Satu konflik regional, membuat node Timur Tengah penyedia layanan cloud terbesar di dunia lumpuh seharian; itu baru satu server.
Di seluruh dunia sekarang ada hampir 1300 pusat data skala sangat besar, dan 770 lagi sedang dibangun. Server-server ini menelan semakin banyak listrik, air, dan uang, dan juga menanggung semakin banyak hal—tabungan Anda, riwayat medis Anda, pesanan makanan Anda, bahkan intelijen militer suatu negara...
Tapi solusi untuk melindungi server-server ini, sampai hari ini mungkin masih sistem pemadam kebakaran dan generator cadangan.
Ketika AI menjadi infrastruktur dasar sebuah negara, keamanannya bukan lagi urusan satu perusahaan.

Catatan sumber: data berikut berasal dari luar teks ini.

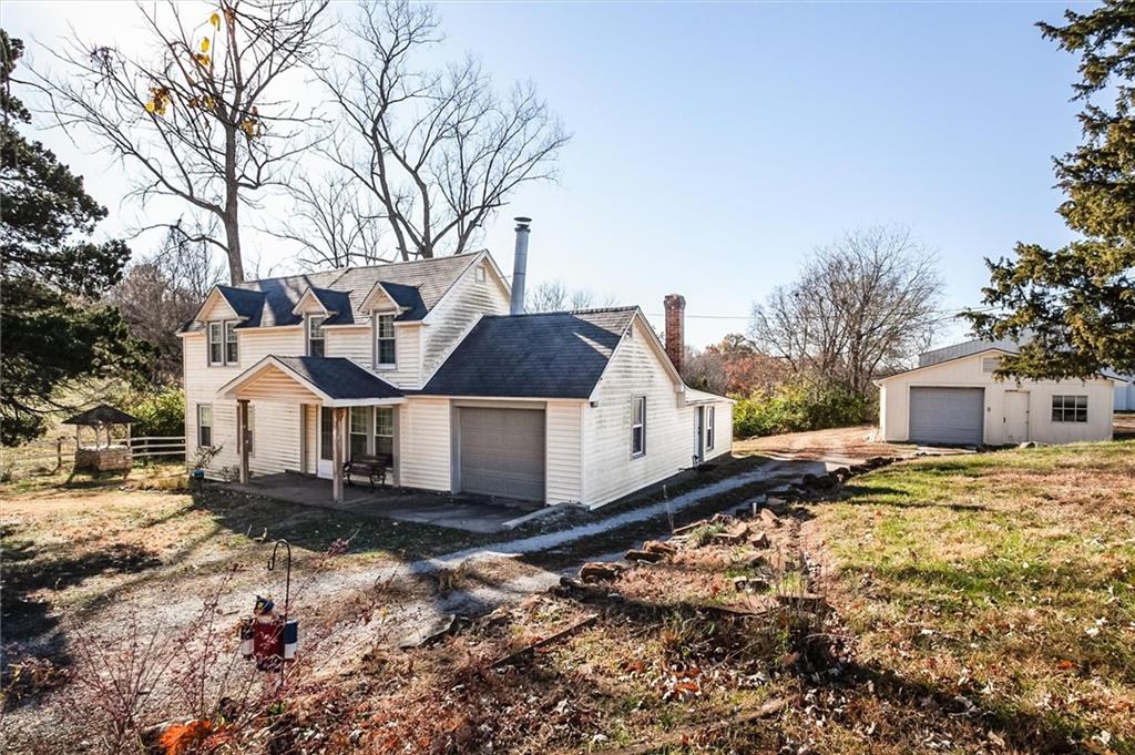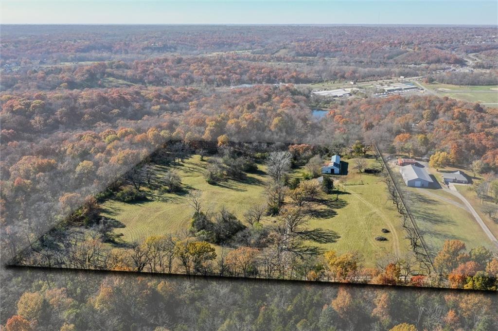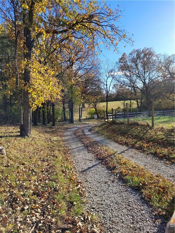 10 Acre WOODED PARADISE IN LEE'S SUMMIT SCHOOL DISTRICT. PRIVATE tree-lined gravel drive opens to spectacular rolling hills, abundant wildlilfe, walnut trees, 2-story house & garage, detached 1-car w/shop, 5-stall HORSE BARN with indoor arena. Fenced pastures. Perfect Opportunity to own your oasis/retreat without the long commute. Home needs updating but in solid condition, central heat for easy add of central air. Kitchen appliances stay. Build your dream home in a storybook setting that is uniquely beautiful or just relax and enjoy some hot chocolate and watch the deer from your porch.
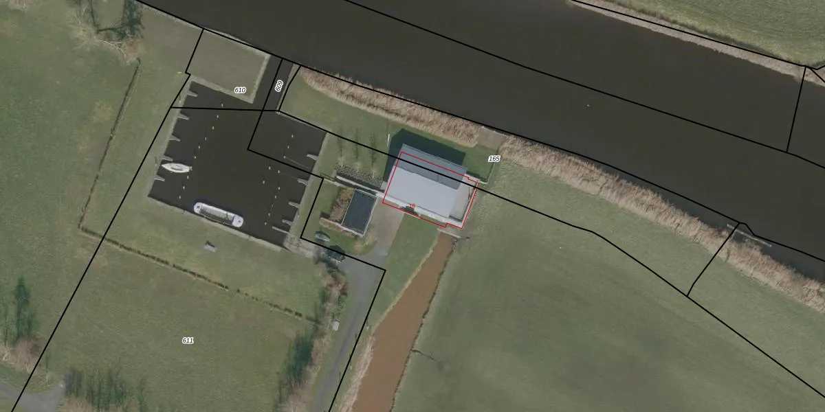 Het perceel waarop het adres ligt is WKM00-H-612. De afkorting 'WKM00' staat voor kadastrale gemeente Workum. Het perceel is kleiner dan gemiddeld in Workum. Het perceel is 1,3 ha groot, terwijl het gemiddelde ligt op 3,3 ha. Het grootste perceel in de kadastrale gemeente is 65,17 km². Het kleinste perceel heeft een oppervlakte van 0 m². Er zijn geen andere adressen aanwezig op het perceel. In de Basisregistratie Kadaster (BRK) werden de grenzen van het perceel geregistreerd op 19-08-2014.
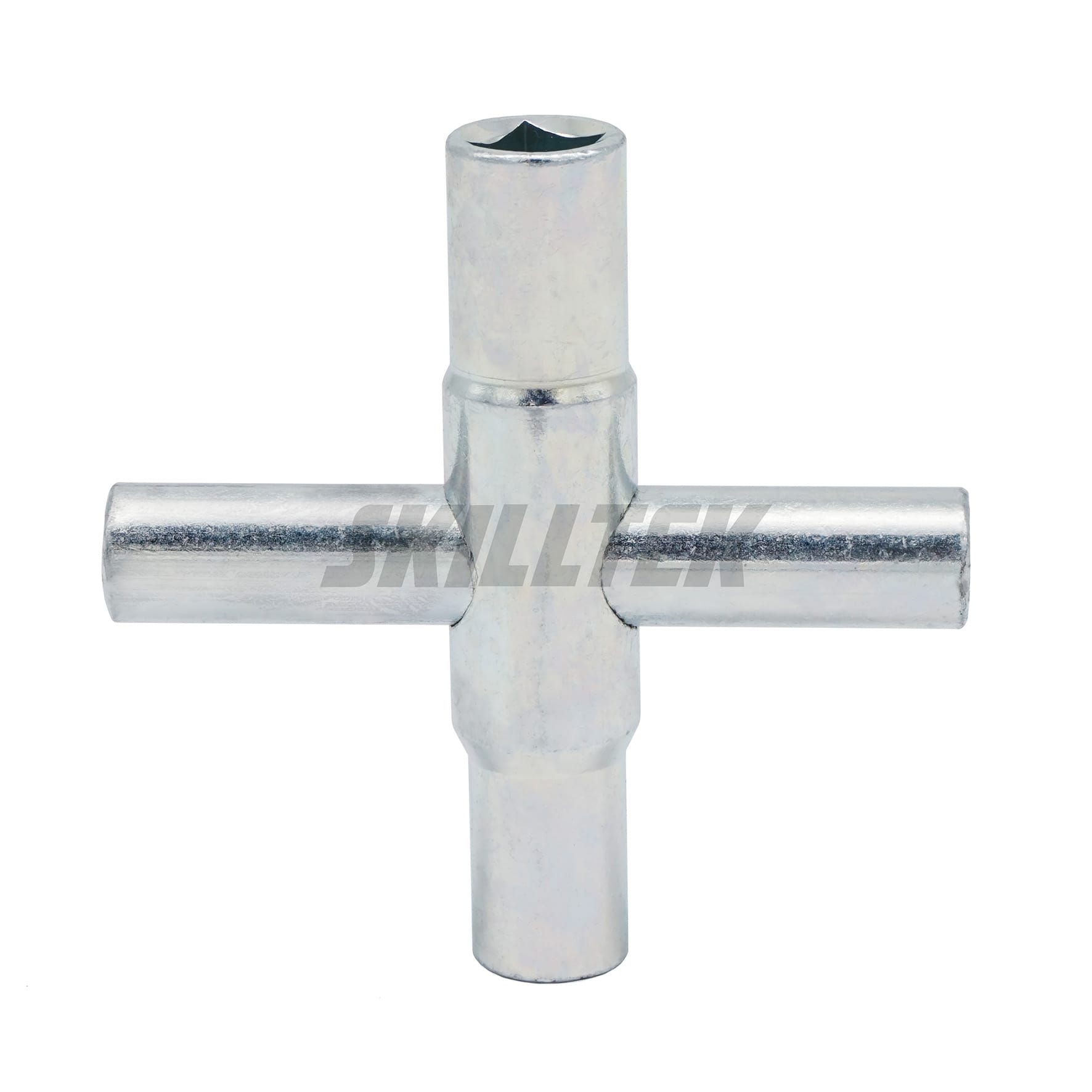 The 4-Way Sillcock Key is a versatile hand tool designed for opening and closing sillcock valves, water spigots, and utility access points. Made of durable metal with a corrosion-resistant silver finish, it provides strength and longevity for both professional and everyday use. Each arm features a different socket size—1/4″, 9/32″, 5/16″, and 11/32″—making it compatible with most standard sillcock and hose bib valves. The cross-shaped design allows excellent leverage and control, even in tight or recessed spaces. This compact, lightweight tool (160 g) is ideal for plumbing, maintenance, HVAC, and construction work. In addition, the surface can be laser-engraved with a customized logo for branding or promotional use.

Siapa yang melindungi AI? Penyedia cloud? Pentagon AS? Atau sistem pertahanan udara Uni Emirat Arab?
Masalah ini tiga hari lalu masih berupa pertanyaan teoritis. Sekarang tidak lagi.
AI berada dalam jangkauan meriam. Sebenarnya bukan hanya AI. Di era ini, apa yang tidak berada dalam jangkauan meriam?